Single by Moneybagg Yo featuring Blac Youngsta

from the album Time Served
- Released: April 14, 2020
- Genre: Hip hop; trap;
- Length: 2:36
- Label: Interscope; N-Less;
- Songwriters: Demario White, Jr.; Sammie Benson; Xabian Woods;
- Producer: DJ X.O.

Moneybagg Yo singles chronology
| "U Played" (2020) | "1 2 3" (2020) | "Blue Jean Bandit" (2020) |

Blac Youngsta singles chronology
| "Like a Pro" (2019) | "1 2 3" (2020) | "I Met Tay Keith First" (2020) |

Music video
- "1 2 3" on YouTube

= 1 2 3 (Moneybagg Yo song) =

2020 single by Moneybagg Yo featuring Blac Youngsta

"1 2 3" is a song by American rapper Moneybagg Yo featuring American rapper Blac Youngsta, from the former's third studio album Time Served (2020). It was sent to rhythmic contemporary radio on April 14, 2020, as the third single of the album. The music video was released on the same day.

==Chart performance==
123 missed the US Billboard Hot 100 chart, peaking at number one on the US Bubbling Under Hot 100 chart.
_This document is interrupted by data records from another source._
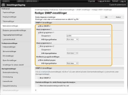 Hvis begge versjoner av SNMP er aktivert, anbefales det at MIB-tilgangstillatelsen i SNMPv1 angis til [Kun lese]. MIB-tilgangstillatelsen kan angis uavhengig i SNMPv1 og SNMPv3 (og for hver bruker i SNMPv3). Ved å velge [Lese/skrive] (full tilgangstillatelse) i SNMPv1 oppheves de robuste sikkerhetsfunksjonene som er et kjennetegn i SNMPv3, fordi de fleste av maskininnstillingene dermed kan kontrolleres med SNMPv1.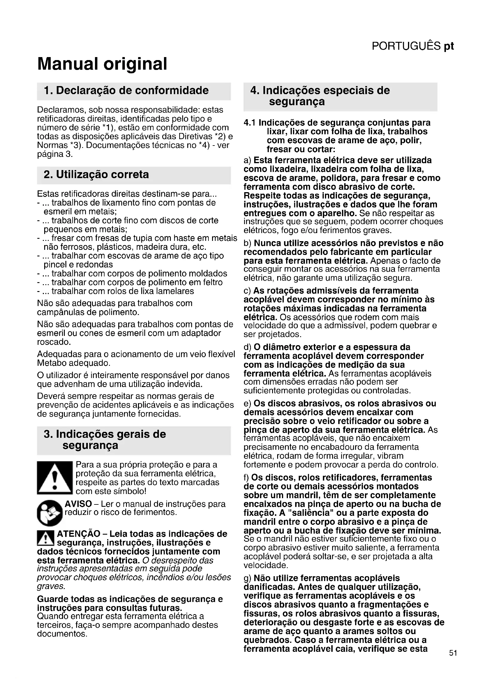 Manual original Declaramos, sob nossa responsabilidade: estas retificadoras direitas, identificadas pelo tipo e número de série *1), estão em conformidade com todas as disposições aplicáveis das Diretivas *2) e Normas *3). Documentações técnicas no *4) - ver página 3. Estas retificadoras direitas destinam-se para... - ... trabalhos de lixamento fino com pontas de esmeril em metais; - ... trabalhos de corte fino com discos de corte pequenos em metais; - ... fresar com fresas de tupia com haste em metais não ferrosos, plásticos, madeira dura, etc. - ... trabalhar com escovas de arame de aço tipo pincel e redondas - ... trabalhar com corpos de polimento moldados - ... trabalhar com corpos de polimento em feltro - ... trabalhar com rolos de lixa lamelares Não são adequadas para trabalhos com campânulas de polimento. Não são adequadas para trabalhos com pontas de esmeril ou cones de esmeril com um adaptador roscado. Adequadas para o acionamento de um veio flexível Metabo adequado. O utilizador é inteiramente responsável por danos que advenham de uma utilização indevida. Deverá sempre respeitar as normas gerais de prevenção de acidentes aplicáveis e as indicações de segurança juntamente fornecidas. Para a sua própria proteção e para a proteção da sua ferramenta elétrica, respeite as partes do texto marcadas com este símbolo! AVISO – Ler o manual de instruções para reduzir o risco de ferimentos. ATENÇÃO – Leia todas as indicações de segurança, instruções, ilustrações e dados técnicos fornecidos juntamente com esta ferramenta elétrica. O desrespeito das instruções apresentadas em seguida pode provocar choques elétricos, incêndios e/ou lesões graves. Guarde todas as indicações de segurança e instruções para consultas futuras. Quando entregar esta ferramenta elétrica a terceiros, faça-o sempre acompanhado destes documentos.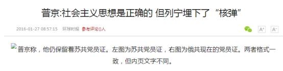 1、环球时报:普京:社会主义思想是正确的 但列宁埋下了“核弹”
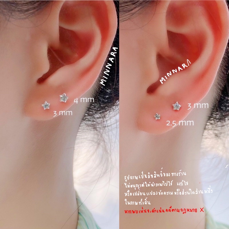 Sliver 92.5 ต่างหูเงินแท้ เพชรเตยดาว เพชรฟันปลา เพชรเหลี่ยม 💎💎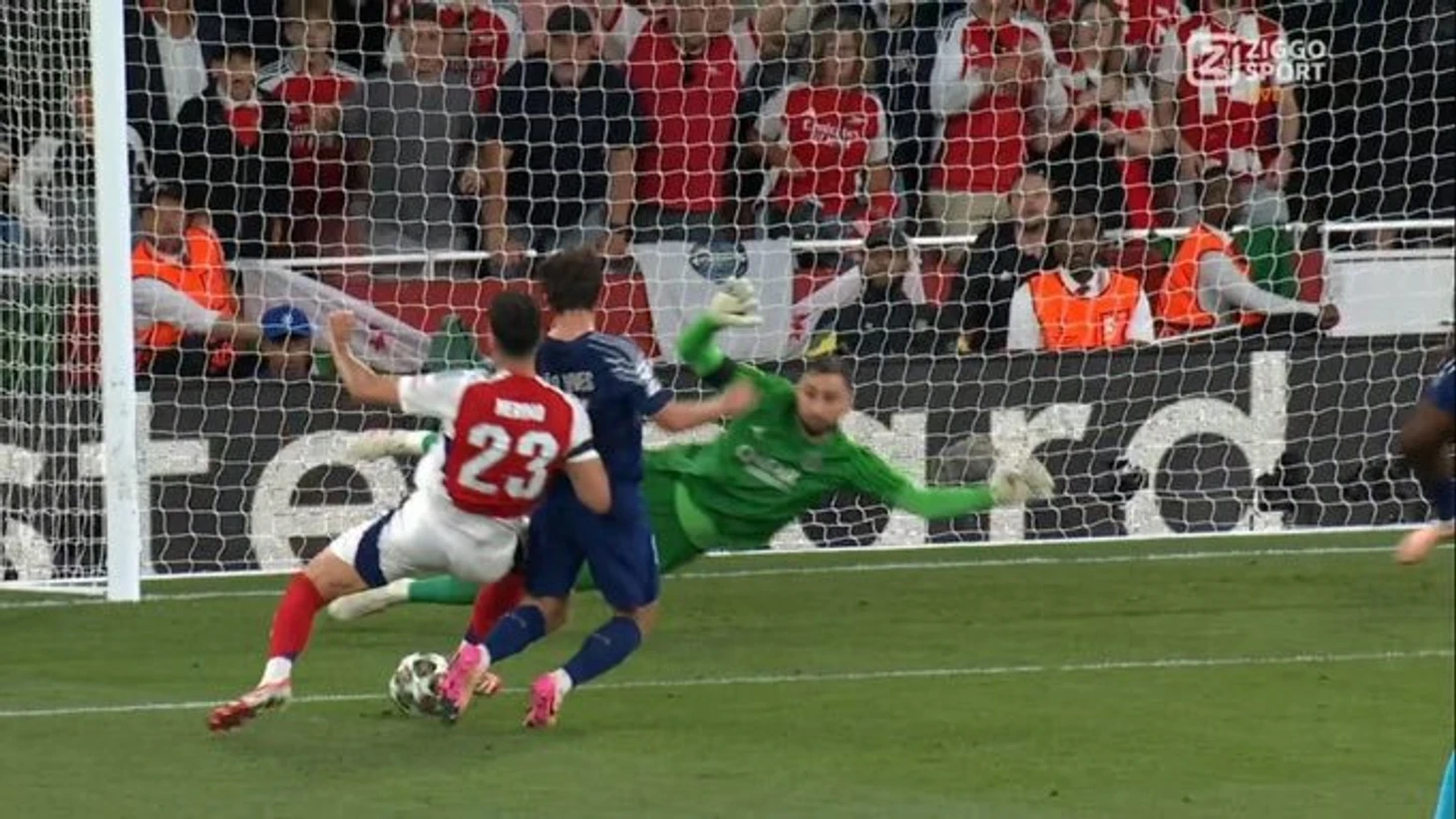 Ждал хороших стандартов от Арсенала. Подходы были, конечно, удары тоже, но несильные, во вратаря. Доннарумма еще два крутых сейва сделал после одинаковых ударов Троссарда кажется - по одному в первом и во втором таймах. Второй был круче: при первом ударе Доннарумма заваливался в один момент с ударом, а во втором сыграла именно реакция.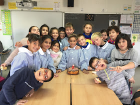 El passat 12 de desembre vam celebrar l'aniversari del Jesús amb els companys i companyes de 4t. Per esmorzar ens va convidar a un pastís molt bo!
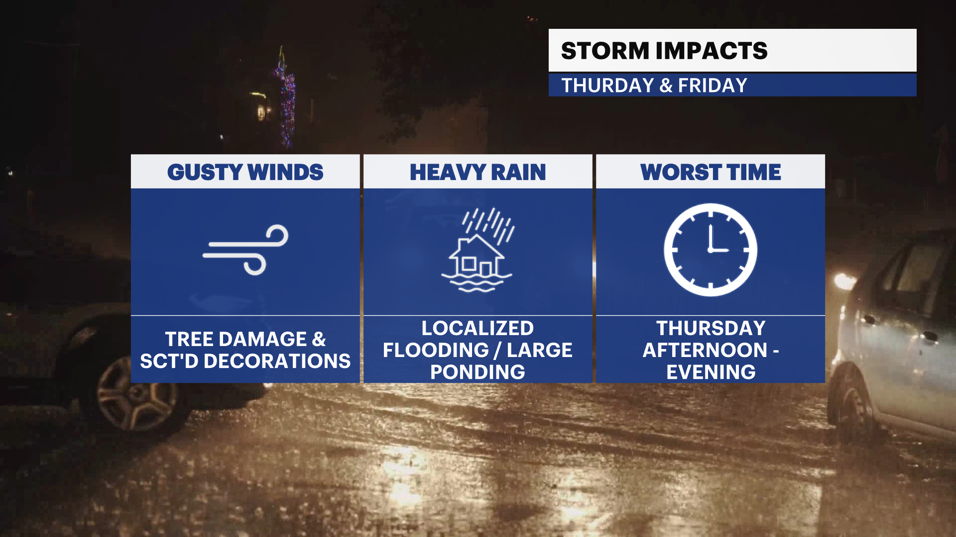 Thursday: Windswept rain, much cooler. Highs near 57. Lows near 48.

On August 18, 2020, the album was certified gold by the Recording Industry Association of America (RIAA) for combined sales and streaming data of over 500,000 units in the United States.

==Charts==

| Chart (2020) | Peak position |
|---|---|
| US Bubbling Under Hot 100 (Billboard) | 1 |
| US Hot R&B/Hip-Hop Songs (Billboard) | 43 |
| US Rhythmic Airplay (Billboard) | 36 |

== Certifications ==

| Region | Certification | Certified units/sales |
| United States (RIAA) | Platinum | 1,000,000^{‡} |
^{‡} Sales+streaming figures based on certification alone.